So far I have not had that much luck getting the models to learn the Kiksht grammar and morphology via in-context learning, I think the model will have to be trained on the corpus to actually work for it. I think this mostly makes sense, since they have functionally nothing in common with western languages.
To illustrate the point a bit: the bulk of training data is still English, and in English, the semantics of a sentence are mainly derived from the specific order in which the words appear, mostly because it lost its cases some centuries ago. Its morphology is mainly "derivational" and mainly suffixal, meaning that words can be arbitrarily complicated by adding suffixes to them. So baked into English is word order that sometimes we insert words into sentences simply to make the word order sensible. e.g., when we say "it's raining outside", the "it's" refers to nothing at all—it is there entirely because the word order of English demands that it exists.

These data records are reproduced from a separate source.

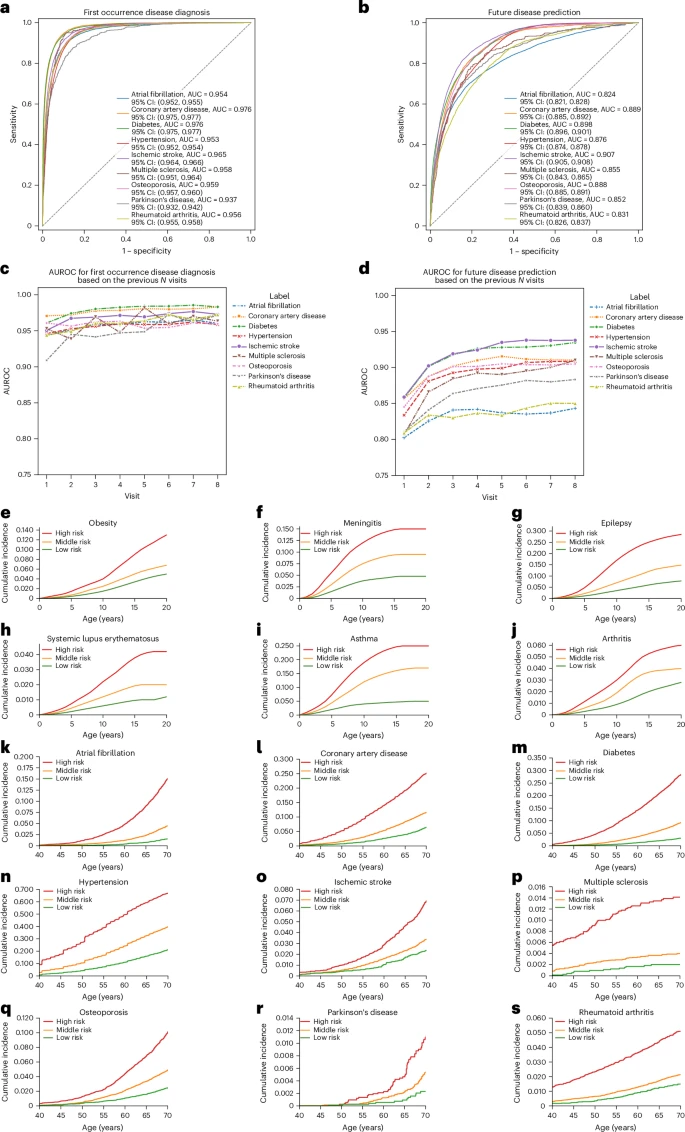 如图所示,在儿童期被AI划分为“高风险”组的个体,其在发育过程中患上肥胖、癫痫或哮喘的累积发病率,显著高于“低风险”组。同样,40岁时的常规数据也能清晰地分离出未来患上房颤、中风或帕金森病的高危人群。
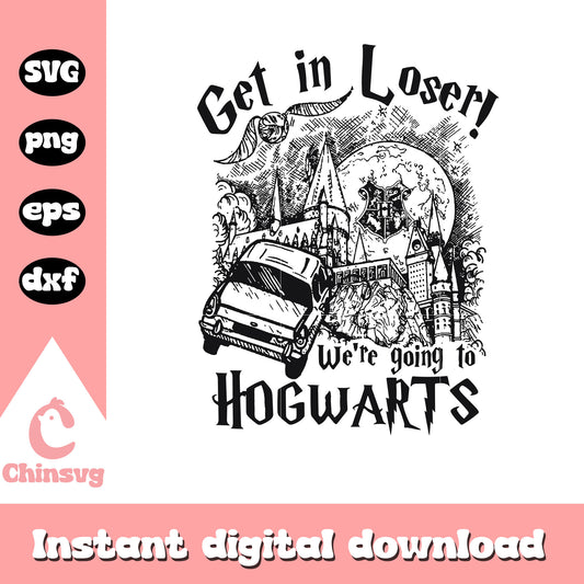 Get in loser we're going to hogwarts svg, harry potter font svg
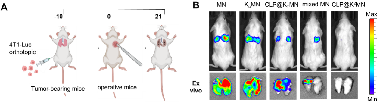 经模块化微针治疗,在三阴性乳腺癌小鼠模型中,肿瘤抑制率达92.17%,远超对照组的72.67%。在基于人源化小鼠(Hu-NSG)的患者衍生异种移植(PDX)三阴性乳腺癌模型中,观察到了相似的结果。与此同时,肺转移生物发光信号强度降至1%,肺结节几乎消失此外,免疫记忆效果显著,治愈的小鼠在长期跟踪观察中未出现复发。
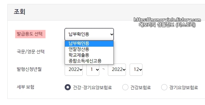 건강보험료 납부확인서 발급 용도로는 납부확인용, 연말정산용, 학교제출용, 종합소득세 신고용이 있습니다.
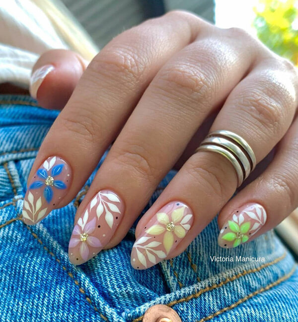 Буквально каждый сезон мастера моды используют флористику в своих коллекциях. Данный вид орнамента просто не должен покидать мир нейл-арта, поэтому в летний сезон 2024 года прекрасные модницы с уверенностью могут исполнять на своих ногтевых пластинах бутоны любимых цветов. Даже самые коротенькие ноготки могут украшаться пусть даже маленькими, но картинками в виде веточек и букетов.

Kiksht in contrast is completely different. Its semantics are nearly entirely derived from triple-prefixal structure of (in particular) verbs. Word ordering almost does not matter. There are, like, 12 tenses, and some of them require both a prefix and a reflective suffix. Verbs are often 1 or 2 characters, and with the prefix structure, a single verb can often be a complete sentence. And so on.
I will continue working on this because I think it will eventually be of help. But right now the deep learning that has been most helpful to me has been to do things like computational typology. For example, discovering the "vowel inventory" of a language is shockingly hard. Languages have somewhat consistent consonants, but discovering all the varieties of `a` that one can say in a language is very hard, and deep learning is strangely good at it.
I am also working on low-resource languages (in Central America, but not my heritage). I see on Wikipedia [0] it seems it's a case of revival. Are you collecting resources/data or using existing? (I see some links on Wikipedia).
We are fortunate to have a (comparatively) large amount of written and recorded language artifacts. Kiksht (and Chinookan languages generally) were heavily studied in the early 1900s by linguists like Sapir.
re: revival, the Wikipedia article is a little misleading, Gladys was the last person whose first language was Kiksht, not the last speaker. And, in any event, languages are constantly changing. If we had been left alone in 1804 it would be different now than it was then. We will mold the language to our current context just like any other people.
Super interesting, thank you very much for sharing your thoughts!
HN is still one of the few places on the internet to get such esoteric, expert and intellectually stimulating content. It's like an Island where the spirit of 'the old internet' still lives on.
I am applying for graduate school (after 20 years in the software industry) with the intent of studying computational linguistics; specifically, for the documentation and support of dying/dead languages.
While I am not indigenous, I hope to help alleviate this problem. I'd love to hear about your research!
I did research on entirely unrelated NLP, actually. I worked on search for awhile (I am corecipient of SIGIR best paper ‘17) ad a bit in space- and memory- efficient nlp tasks.
Wow kiksht sounds like a pretty cool language! Are there any resources you'd recommend for the language itself? I'm mostly curious about the whole "a verb with prefix structure can be a whole sentence" thing, that sounds like a pretty cool language feature!
So, bad news. Culturally, the Wasq'u consider Kiksht something that is for the community rather than outsiders. So unfortunately I think it will be extremely challenging to find someone to teach you, or resources to teach yourself.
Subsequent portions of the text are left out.